*Required work*
Repeat each record exactly. Any picture gets left out.

START Data excerpts

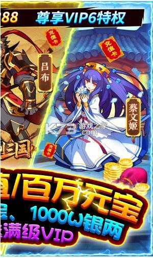 4、每日签到必送红色英雄、充值红包、红将10连、海量体力材料等
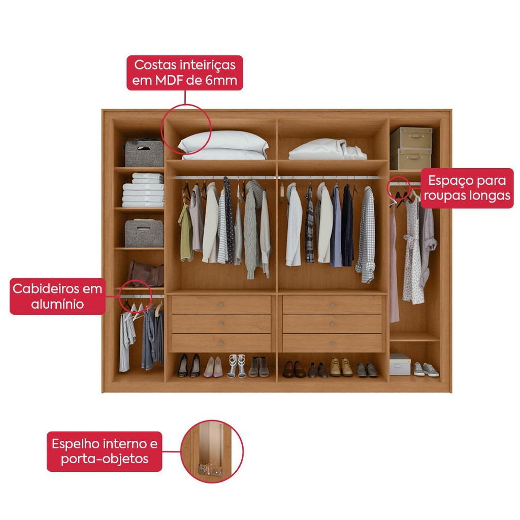 Guarda Roupa Casal 100% MDF 6 Portas Easy Space Amendoa Clean -Lopas
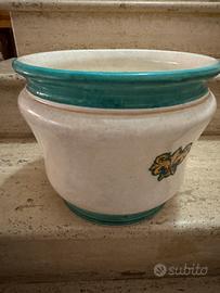 Il portavaso presenta un decoro vivace e dettagliato che include una luna crescente con volto, circondata da stelle, su uno sfondo blu scuro. Questo motivo è incorniciato da elaborati disegni ornamentali in verde e oro, che richiamano lo stile barocco o ornato tipico di molte ceramiche di Castelli. Fattura eccellente
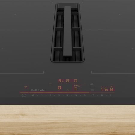 Bosch Serie 6 PVQ731H26E. Kleur van het product: Zwart, Apparaatplaatsing: Ingebouwd, Breedte kookplaat: 71 cm. Soort bediening: Touch, Controle positie: Front / Top front, Type timer: Digitaal. Afzuigmethode: Afvoerend/recirculerend, Maximale afzuigcapaciteit: 500 m³/uur, Geluidsniveau ventilatie (max): 69 dB. Aangesloten lading (elektrisch): 7400 W, AC-ingangsspanning: 220-240 V, AC-ingangsfrequentie: 50-60 Hz. Breedte: 710 mm, Diepte: 522 mm, Hoogte: 223 mm
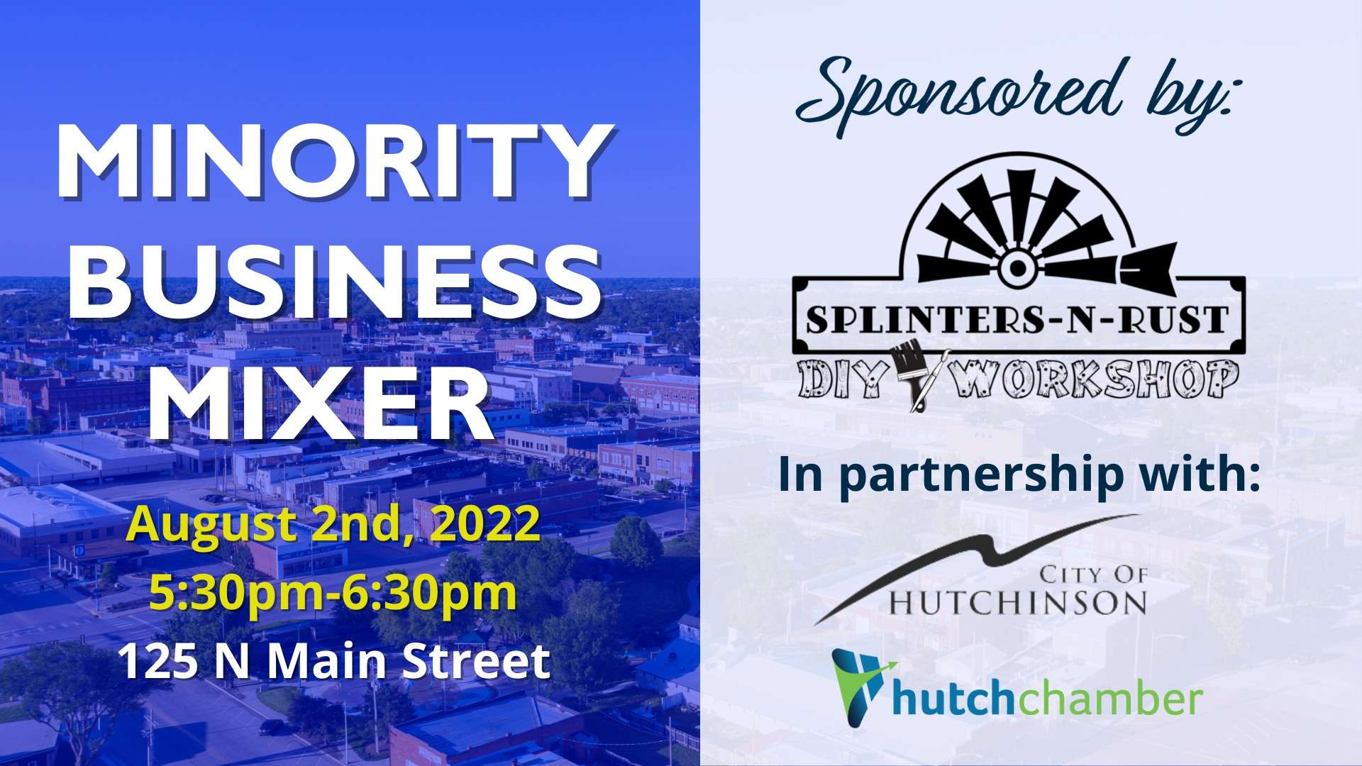 HUTCHINSON, Kan. — The next Minority Business Mixer is Tuesday from 5:30 p.m. to 6:30 p.m. at Splinters N Rust at 125 North Main in Hutchinson.

END Data excerpts

*Written solution*
 4、每日签到必送红色英雄、充值红包、红将10连、海量体力材料等
 Guarda Roupa Casal 100% MDF 6 Portas Easy Space Amendoa Clean -Lopas
 Il portavaso presenta un decoro vivace e dettagliato che include una luna crescente con volto, circondata da stelle, su uno sfondo blu scuro. Questo motivo è incorniciato da elaborati disegni ornamentali in verde e oro, che richiamano lo stile barocco o ornato tipico di molte ceramiche di Castelli. Fattura eccellente
 Bosch Serie 6 PVQ731H26E. Kleur van het product: Zwart, Apparaatplaatsing: Ingebouwd, Breedte kookplaat: 71 cm. Soort bediening: Touch, Controle positie: Front / Top front, Type timer: Digitaal. Afzuigmethode: Afvoerend/recirculerend, Maximale afzuigcapaciteit: 500 m³/uur, Geluidsniveau ventilatie (max): 69 dB. Aangesloten lading (elektrisch): 7400 W, AC-ingangsspanning: 220-240 V, AC-ingangsfrequentie: 50-60 Hz. Breedte: 710 mm, Diepte: 522 mm, Hoogte: 223 mm
 HUTCHINSON, Kan. — The next Minority Business Mixer is Tuesday from 5:30 p.m. to 6:30 p.m. at Splinters N Rust at 125 North Main in Hutchinson.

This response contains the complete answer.